Dans les lettres de Mme de Sévigné, il n’y a rien de plus léger que les traits gracieux et vifs qui esquissent le portrait de son fils, ce charmant mauvais sujet dont, disait-elle, « le cœur était fou. » C’était, du reste, un mauvais sujet d’une espèce particulière, car on ne voyait pas de fils plus tendre, de frère plus prévenant, ni de mari meilleur.
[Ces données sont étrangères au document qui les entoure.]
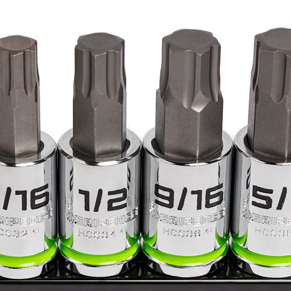 GRIPEDGE Rounding Prevention Technology (R.P.T.) Hex bit sockets are engineered to outperform traditional hex tools. R.P.T. prevents the rounding of good fasteners and can also remove severely damaged fasteners. Featuring a distinct, patented, bi-directional design, it offers up to 50% more preventative torque on good fasteners than traditional tools and delivers up to 400% more torque on damaged fasteners. Damaged fasteners can be reused temporarily if a suitable replacement isn't available. Each bit is precisely crafted from S2 steel for increased strength and durability and is coated to enhance corrosion resistance. Additionally, all sockets feature large, easy-to-read, roll-stamped, and ink-filled size markings, while nickel chrome plating offers extra protection against corrosion.

Disons plutôt que c’était un excellent homme et, à sa façon, un vrai philosophe, avec quelques faiblesses qui le rendent plus humain, mais frappé de je ne sais quelle incapacité singulière qui faisait que tout ce qu’il voulait entreprendre était condamné d’avance, et qui ôtait à ses qualités leurs résultats ordinaires. C’était un arbre fleuri qui n’aboutissait jamais au fruit. Il le savait bien et disait : « Tout ce que je puis penser de bon est toujours inutile et demeure sans effet et j’ai toujours la grâce efficace pour ce qui ne vaut pas grand’chose. »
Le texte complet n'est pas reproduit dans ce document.